This is a sample without tools:

{
  "messages": [
    {
      "role": "user",
      "content": "类型#裤*材质#牛仔布*风格#性感"
    },
    {
      "role": "assistant",
      "content": "3x1的这款牛仔裤采用浅白的牛仔面料为裤身材质，其柔然的手感和细腻的质地，在穿着舒适的同时，透露着清纯甜美的个性气质。除此之外，流畅的裤身剪裁将性感的腿部曲线彰显的淋漓尽致，不失为一款随性出街的必备单品。"
    }
  ]
}

This is a sample with tools:

{
  "messages": [
    {
      "role": "system",
      "content": "",
      "tools": [
        {
          "type": "function",
          "function": {
            "name": "get_recommended_books",
            "description": "Get recommended books based on user's interests",
            "parameters": {
              "type": "object",
              "properties": {
                "interests": {
                  "type": "array",
                  "items": {
                    "type": "string"
                  },
                  "description": "The interests to recommend books for"
                }
              },
              "required": [
                "interests"
              ]
            }
          }
        }
      ]
    },
    {
      "role": "user",
      "content": "Hi, I am looking for some book recommendations. I am interested in history and science fiction."
    },
    {
      "role": "assistant",
      "content": "{\"name\": \"get_recommended_books\", \"arguments\": {\"interests\": [\"history\", \"science fiction\"]}}"
    },
    {
      "role": "observation",
      "content": "{\"books\": [\"Sapiens: A Brief History of Humankind by Yuval Noah Harari\", \"A Brief History of Time by Stephen Hawking\", \"Dune by Frank Herbert\", \"The Martian by Andy Weir\"]}"
    },
    {
      "role": "assistant",
      "content": "Based on your interests in history and science fiction, I would recommend the following books: \"Sapiens: A Brief History of Humankind\" by Yuval Noah Harari, \"A Brief History of Time\" by Stephen Hawking, \"Dune\" by Frank Herbert, and \"The Martian\" by Andy Weir."
    }
  ]
}

This is a sample with VQA Task:

{
  "messages": [
    {
      "role": "user",
      "content": "图片中的动物是什么？

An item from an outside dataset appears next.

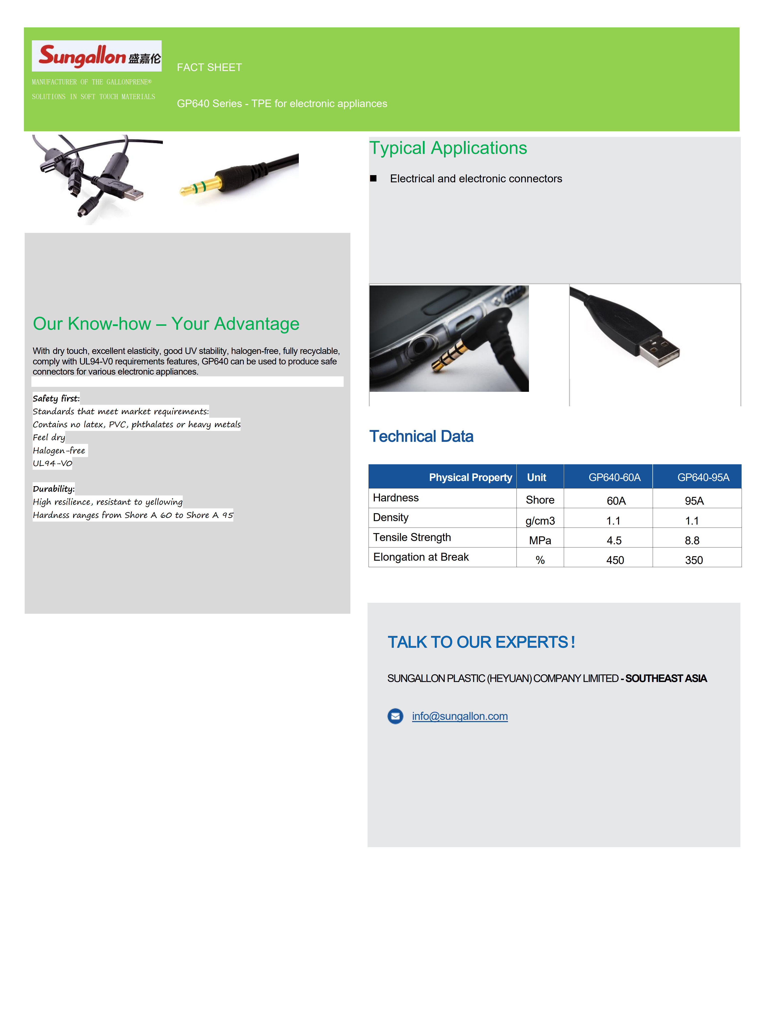| GP640-9501 | 95A | 8.8 | 350 | 1.10 | 14(200℃ /5kg) |
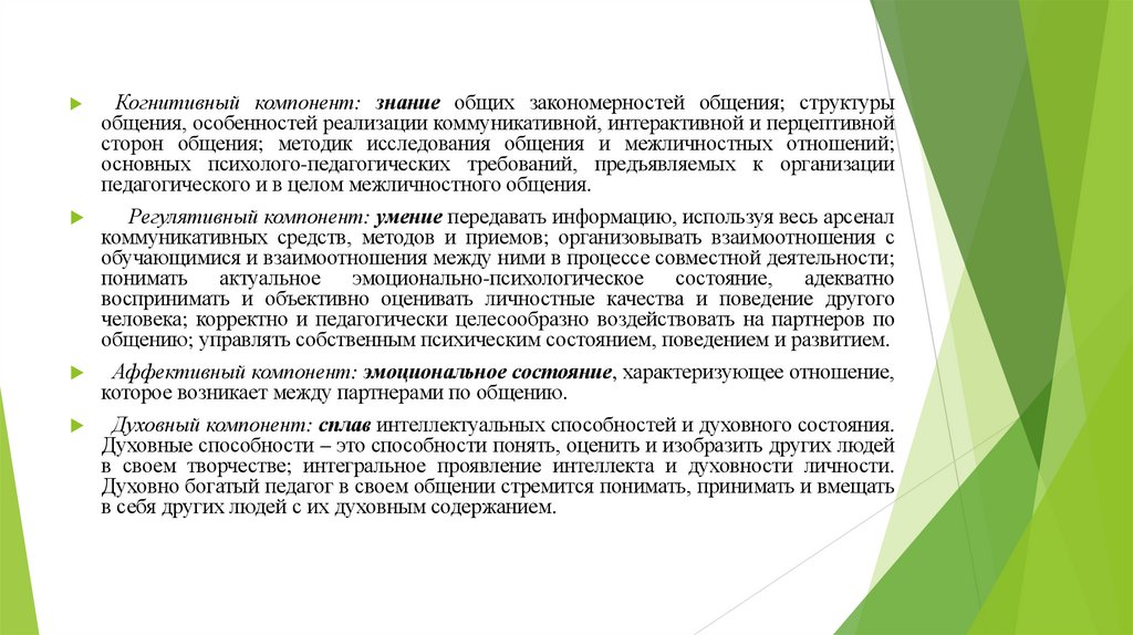 Выделяют компоненты оптимального педагогического общения: когнитивный,

",
      "image": "/root/images/0001.jpg"
    },
    {
      "role": "assistant",
      "content": "图片中有一只猫。"
    },
    {
      "role": "user",
      "content": "图片中的猫在做什么？"
    },
    {
      "role": "assistant",
      "content": "这只猫坐在或站在桌子上，桌上有很多食物。"
    }
  ]
}

The system role is optional, but if it exists, it must appear before the user role, and the system role can only
appear once in a complete conversation (whether it is a single round or a multi-round conversation).
The tools field is optional, but if it exists, it must appear after the system role, and the tools field can
only appear once in a complete conversation (whether it is a single round or a multi-round conversation). When
the tools field exists, the system role must exist and the content field is empty.
GLM-4V-9B does not support the tools field and the system field. And image must be placed in the first
message. The image field needs to contain the absolute path of the image.

Configuration file

The fine-tuning configuration file is located in the config directory, including the following files:

ds_zereo_2 / ds_zereo_3.json: deepspeed configuration file.
`lora.yaml / ptuning_v2
.yaml / sft.yaml`: Configuration files for different modes of models, including model parameters, optimizer
parameters, training parameters, etc. Some important parameters are explained as follows: + data_config section

train_file: File path of training dataset.
val_file: File path of validation dataset.
test_file: File path of test dataset.
num_proc: Number of processes to use when loading data.
max_input_length: Maximum length of input sequence.
max_output_length: Maximum length of output sequence.
training_args section
output_dir: Directory for saving model and other outputs.
max_steps: Maximum number of training steps.
per_device_train_batch_size: Training batch size per device (such as GPU).
dataloader_num_workers: Number of worker threads to use when loading data.
remove_unused_columns: Whether to remove unused columns in data.
save_strategy: Model saving strategy (for example, how many steps to save).
save_steps: How many steps to save the model.
log_level: Log level (such as info).
logging_strategy: logging strategy.
logging_steps: how many steps to log at.
per_device_eval_batch_size: per-device evaluation batch size.
evaluation_strategy: evaluation strategy (e.g. how many steps to evaluate at).
eval_steps: how many steps to evaluate at.
predict_with_generate: whether to use generation mode for prediction.
generation_config section
max_new_tokens: maximum number of new tokens to generate.
peft_config section
peft_type: type of parameter tuning to use (supports LORA and PREFIX_TUNING).
task_type: task type, here is causal language model (don't change).
Lora parameters:
r: rank of LoRA.
lora_alpha: scaling factor of LoRA.
lora_dropout: dropout probability to use in LoRA layer.
P-TuningV2 parameters: + num_virtual_tokens: the number of virtual tokens.
num_attention_heads: 2: the number of attention heads of P-TuningV2 (do not change).
token_dim: 256: the token dimension of P-TuningV2 (do not change).

Start fine-tuning

Execute single machine multi-card/multi-machine multi-card run through the following code, which uses deepspeed as
the acceleration solution, and you need to install deepspeed.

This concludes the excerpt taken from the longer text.